| Task prompt |
Reproduce, from the lines below, exactly the stretch that begins at the line containing "คณะผู้บริหารและทีมงาน ดันลอป ไทร์" and ends at the line containing "Fol. 1r, Genesis, with", both included.

| Records shown |

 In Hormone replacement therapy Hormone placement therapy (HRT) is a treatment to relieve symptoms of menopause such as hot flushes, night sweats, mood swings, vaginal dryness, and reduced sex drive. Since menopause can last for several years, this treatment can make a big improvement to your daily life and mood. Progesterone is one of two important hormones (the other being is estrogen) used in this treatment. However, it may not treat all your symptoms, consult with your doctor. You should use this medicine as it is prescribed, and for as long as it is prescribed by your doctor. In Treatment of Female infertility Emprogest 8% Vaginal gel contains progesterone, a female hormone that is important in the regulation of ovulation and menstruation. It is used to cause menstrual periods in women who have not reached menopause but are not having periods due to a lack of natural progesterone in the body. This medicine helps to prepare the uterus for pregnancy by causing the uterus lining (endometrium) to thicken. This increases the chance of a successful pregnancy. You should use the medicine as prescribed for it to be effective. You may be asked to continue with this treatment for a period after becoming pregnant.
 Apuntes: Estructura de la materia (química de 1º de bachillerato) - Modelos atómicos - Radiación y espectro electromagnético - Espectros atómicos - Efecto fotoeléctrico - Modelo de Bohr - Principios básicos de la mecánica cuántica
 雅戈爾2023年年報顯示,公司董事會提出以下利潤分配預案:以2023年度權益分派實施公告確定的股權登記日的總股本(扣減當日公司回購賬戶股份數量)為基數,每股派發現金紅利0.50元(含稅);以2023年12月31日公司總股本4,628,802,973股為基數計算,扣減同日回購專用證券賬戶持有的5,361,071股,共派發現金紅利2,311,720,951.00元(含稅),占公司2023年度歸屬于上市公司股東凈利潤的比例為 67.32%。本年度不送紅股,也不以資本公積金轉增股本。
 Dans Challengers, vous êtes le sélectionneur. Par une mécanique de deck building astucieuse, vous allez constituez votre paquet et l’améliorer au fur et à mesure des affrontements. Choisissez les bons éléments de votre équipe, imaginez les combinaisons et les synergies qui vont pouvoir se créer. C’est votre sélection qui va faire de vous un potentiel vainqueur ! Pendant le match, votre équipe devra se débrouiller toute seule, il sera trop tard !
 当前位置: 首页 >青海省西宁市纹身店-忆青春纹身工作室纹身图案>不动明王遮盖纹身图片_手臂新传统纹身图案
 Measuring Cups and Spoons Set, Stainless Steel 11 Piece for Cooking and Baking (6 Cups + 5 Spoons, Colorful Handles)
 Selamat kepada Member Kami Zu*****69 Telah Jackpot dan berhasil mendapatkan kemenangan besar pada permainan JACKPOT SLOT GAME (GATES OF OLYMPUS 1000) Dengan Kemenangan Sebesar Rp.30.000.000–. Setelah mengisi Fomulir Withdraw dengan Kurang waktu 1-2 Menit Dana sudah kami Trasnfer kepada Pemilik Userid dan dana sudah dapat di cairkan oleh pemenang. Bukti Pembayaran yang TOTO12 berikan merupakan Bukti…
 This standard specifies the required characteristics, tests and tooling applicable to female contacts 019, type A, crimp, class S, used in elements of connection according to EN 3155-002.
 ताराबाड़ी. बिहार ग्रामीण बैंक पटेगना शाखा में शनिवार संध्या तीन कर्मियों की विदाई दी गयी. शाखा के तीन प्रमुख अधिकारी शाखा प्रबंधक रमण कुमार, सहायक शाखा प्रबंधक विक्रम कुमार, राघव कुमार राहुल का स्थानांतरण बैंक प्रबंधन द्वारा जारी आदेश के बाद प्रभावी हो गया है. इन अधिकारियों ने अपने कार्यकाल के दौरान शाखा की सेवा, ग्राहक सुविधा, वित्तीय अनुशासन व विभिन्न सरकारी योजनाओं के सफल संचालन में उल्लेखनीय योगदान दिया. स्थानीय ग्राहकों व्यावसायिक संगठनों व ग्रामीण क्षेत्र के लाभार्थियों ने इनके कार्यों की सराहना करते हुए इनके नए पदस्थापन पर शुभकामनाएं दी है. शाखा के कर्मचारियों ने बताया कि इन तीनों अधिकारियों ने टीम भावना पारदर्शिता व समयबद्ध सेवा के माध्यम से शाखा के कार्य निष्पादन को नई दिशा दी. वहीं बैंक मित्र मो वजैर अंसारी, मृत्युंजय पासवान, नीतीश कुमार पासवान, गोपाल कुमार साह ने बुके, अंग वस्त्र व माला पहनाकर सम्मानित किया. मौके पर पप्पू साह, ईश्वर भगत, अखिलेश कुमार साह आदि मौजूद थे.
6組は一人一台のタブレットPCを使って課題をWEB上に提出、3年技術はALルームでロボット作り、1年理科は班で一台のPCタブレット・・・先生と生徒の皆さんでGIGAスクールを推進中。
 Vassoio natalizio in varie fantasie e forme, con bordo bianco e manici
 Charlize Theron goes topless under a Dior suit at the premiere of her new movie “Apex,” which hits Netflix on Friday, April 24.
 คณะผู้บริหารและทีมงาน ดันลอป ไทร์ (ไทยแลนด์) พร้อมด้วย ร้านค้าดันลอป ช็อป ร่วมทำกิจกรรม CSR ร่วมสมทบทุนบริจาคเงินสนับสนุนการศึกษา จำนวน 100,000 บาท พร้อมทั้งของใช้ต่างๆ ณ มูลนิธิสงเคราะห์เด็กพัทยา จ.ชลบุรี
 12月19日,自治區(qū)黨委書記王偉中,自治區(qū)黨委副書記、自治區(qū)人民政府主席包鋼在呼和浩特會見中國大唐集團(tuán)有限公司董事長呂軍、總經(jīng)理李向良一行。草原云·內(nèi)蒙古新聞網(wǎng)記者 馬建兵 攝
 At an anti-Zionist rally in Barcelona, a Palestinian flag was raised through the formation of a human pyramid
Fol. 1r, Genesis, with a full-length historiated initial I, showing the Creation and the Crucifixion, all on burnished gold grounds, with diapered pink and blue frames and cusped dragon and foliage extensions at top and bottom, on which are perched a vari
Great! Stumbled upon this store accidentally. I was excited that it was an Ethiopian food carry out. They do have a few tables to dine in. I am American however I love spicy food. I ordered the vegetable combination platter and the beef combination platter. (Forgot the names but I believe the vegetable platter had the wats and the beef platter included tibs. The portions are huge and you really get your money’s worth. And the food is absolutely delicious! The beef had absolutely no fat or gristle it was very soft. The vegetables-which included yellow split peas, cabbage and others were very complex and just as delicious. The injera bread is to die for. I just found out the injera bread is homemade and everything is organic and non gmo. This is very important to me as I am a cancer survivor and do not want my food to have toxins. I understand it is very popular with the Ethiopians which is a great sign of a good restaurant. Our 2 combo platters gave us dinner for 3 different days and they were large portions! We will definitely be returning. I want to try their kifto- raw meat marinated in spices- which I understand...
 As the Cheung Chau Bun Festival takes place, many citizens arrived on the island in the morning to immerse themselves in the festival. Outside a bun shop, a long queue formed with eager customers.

| Response box |
 คณะผู้บริหารและทีมงาน ดันลอป ไทร์ (ไทยแลนด์) พร้อมด้วย ร้านค้าดันลอป ช็อป ร่วมทำกิจกรรม CSR ร่วมสมทบทุนบริจาคเงินสนับสนุนการศึกษา จำนวน 100,000 บาท พร้อมทั้งของใช้ต่างๆ ณ มูลนิธิสงเคราะห์เด็กพัทยา จ.ชลบุรี
 12月19日,自治區(qū)黨委書記王偉中,自治區(qū)黨委副書記、自治區(qū)人民政府主席包鋼在呼和浩特會見中國大唐集團(tuán)有限公司董事長呂軍、總經(jīng)理李向良一行。草原云·內(nèi)蒙古新聞網(wǎng)記者 馬建兵 攝
 At an anti-Zionist rally in Barcelona, a Palestinian flag was raised through the formation of a human pyramid
Fol. 1r, Genesis, with a full-length historiated initial I, showing the Creation and the Crucifixion, all on burnished gold grounds, with diapered pink and blue frames and cusped dragon and foliage extensions at top and bottom, on which are perched a vari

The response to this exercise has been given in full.